Looking For Anything Specific?

Introduction (Some more classfications of Data only) : Part - 3

Statistical Knowledge | Statistics Series | Article - 3

Hello friends, This is my third article on my blog. In this article, we'll continue our discussions on series of introductory articles and this is Part - 3 of introductory articles. Now, it's time to dive into the article 😊

Aim of Article

In this article, we'll discuss four more classifications of Data only (not Variable).

Primary and Secondary Data

Primary Data : Data that are collected by the Researcher or Investigator himself/herself for his/her research work or any study work is known as Primary Data.
  • For Example : Data collected by a student (say, Ram) himself in physics laboratory for his practical work is an example of Primary Data.

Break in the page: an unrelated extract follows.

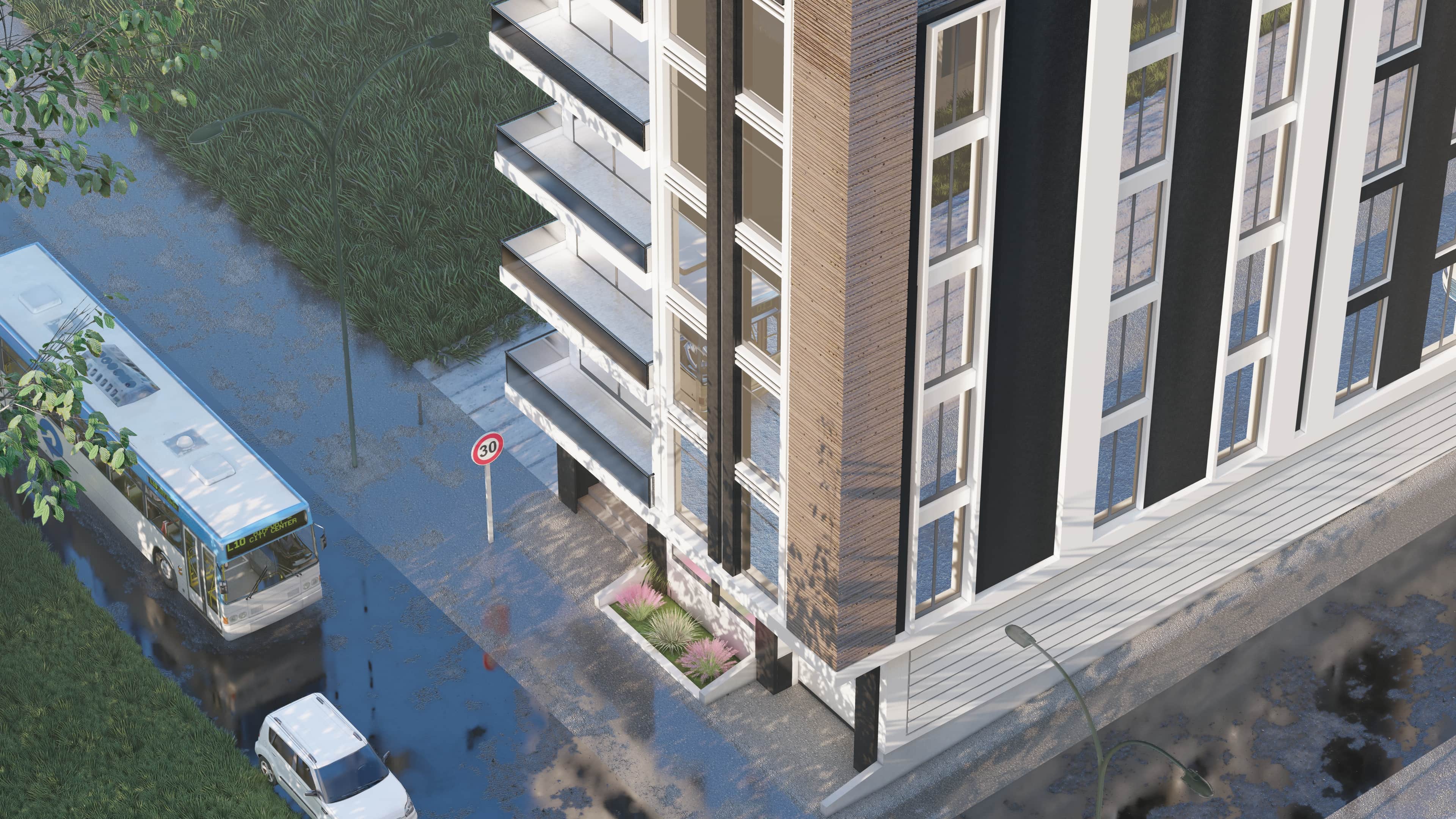 Objekat sadrži 12 stanova, odnosno 2 stana po etaži. Nalazi se na parceli koja je na uglu dve ulice koje su na različitim nivoima terena.
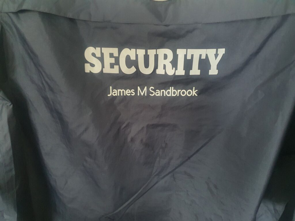 This is one of my raincoats for work. I added the James M Sandbrook because I had a favourite fisherman’s raincoat, that had only the word Security on it and someone took it. So I decided to put my name on this one hoping that people won’t want to use it because my name is on it.

Secondary Data : Data that are collected by someone else and the Researcher or Investigator only uses this data for his/her research work or any study work is known as Secondary Data.
  • For Example : If the data collected by Ram is also used by Gita (say) to complete her practical work, then the same data becomes an example of Secondary data. 

Note : If i ask Ram and Gita, what type of data you both have used to complete your practical work ? Ram says, "Primary Data", on the other hand, Gita says, "Secondary Data", if both are honest 😂

I have given a very basic example to understand the concept of primary and secondary data.  At present, It is enough for you because in this article our aim is to understand the classifications of data only. There will be a seperate article on Primary and Secondary Data in which we'll discuss it in more details.

Ungrouped and Grouped Data

Ungrouped Data : If data, collected on a variable, has been given as individual observations (data points), then such data is known as Ungrouped Data.
  • For Example : Consider the data on age (in years) of 20 persons as : 18, 20, 12, 15, 29, 34, 19, 36, 45, 46, 28, 25, 17, 14, 26, 39, 49, 59, 65, 70. It is an example of ungrouped data since data on age variable is available for each and every individuals.

Grouped Data : If data, collected on a variable, has been given as non-overlapping groups or intervals (more appropriately termed as Class Intervals) formed by aggregating individual observations (data points), then such data is known as Grouped Data.
  • For Example : Consider the data on age (in years) of 20 persons is collected in the following manner -
    • If age of an individual (person) lies in the set {11, 12, 13,...., 20}, record data as 11-20
    • If age of an individual (person) lies in the set {21, 22, 23,...., 30}, record data as 21-30
    • If age of an individual (person) lies in the set {31, 32, 33,...., 40}, record data as 31-40  and so on...
Then, the collected data on age will be 11-2011-20, 11-20, 11-20, 21-30, 31-40, 11-20, 31-40, 41-5041-50, 21-30, 21-30, 11-20, 11-20, 21-30, 31-40, 41-50, 51-60, 61-70, 61-70, if actual age (in years) of those 20 persons are : 18, 20, 12, 15, 29, 34, 19, 36, 45, 46, 28, 25, 17, 14, 26, 39, 49, 59, 65, 70. Such data (11-20, 21-30, 31-40, 41-50, 51-60, 61-70) is known as grouped data.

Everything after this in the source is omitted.